Where would one learn how to be a 4-H leader?
The Broward County Extension Education office is the first point of contact, where staff is available to support volunteers. After completing the screening process, volunteers are enrolled and placed on the 4-H leaders' mailing list. Orientation is provided to new, qualified volunteers (so no previous experience is necessary). Leaders are also invited to special training meetings and provided with the materials needed to conduct 4-H club meetings. An experienced leader may also assist a new volunteer through our Volunteer Mentor Program. To volunteer, contact Broward County Extension at 954-357-5270.

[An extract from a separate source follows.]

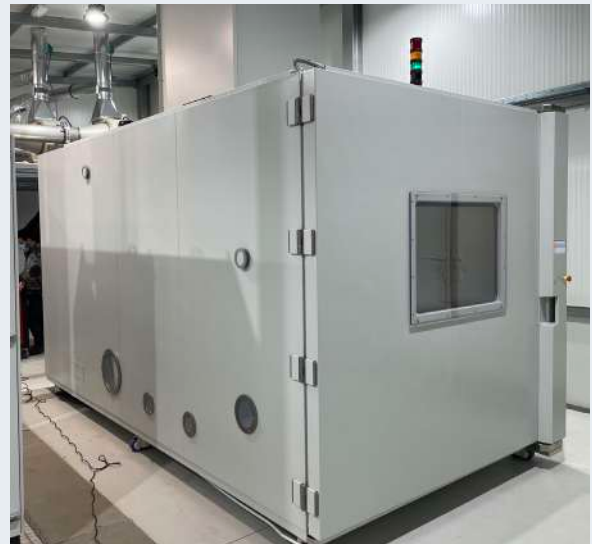
EUCAR ATEX WALK-IN CHAMBERS
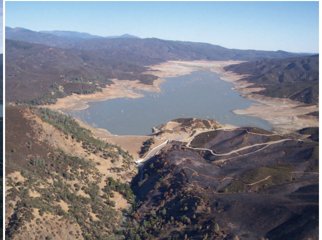
Comparative photos of Indian Valley Reservoir (IVR), Lake County, managed by the YCFC&WCD. Photo on left illustrates approximately 286,700 acre-feet in 2006 (maximum storage capacity 300,600 acre-feet). Photo on right shows IVR at approximately 28,000 acre-feet in 2008. As of 11/28/14, IVR was at 23,433 acre-feet.

What's expected of 4-H parents?
Children need parental encouragement to get them started in 4-H and to keep them involved in the program in later years. Parents can help by sharing, preparing, being there, and caring.

Sharing: Provide encouragement and take interest in 4-H projects and activities. Listen, look, and offer suggestions, but avoid the temptation to take over and do things. Children learn by their mistakes, as well as successes.

Preparing: Help children understand the value of doing projects, having duties in the club, and following through on responsibilities as expected by others.

Being there: Children gain more from 4-H by attending meetings regularly and getting involved in 4-H activities. Parents are welcome at meetings and are encouraged to stay and observe. They are also encouraged to lend a hand whenever possible but also to remember that 4-H clubs are for kids.

Caring: Arrange to participate whenever possible. Parents' presence shows the child that what he or she is doing is very important.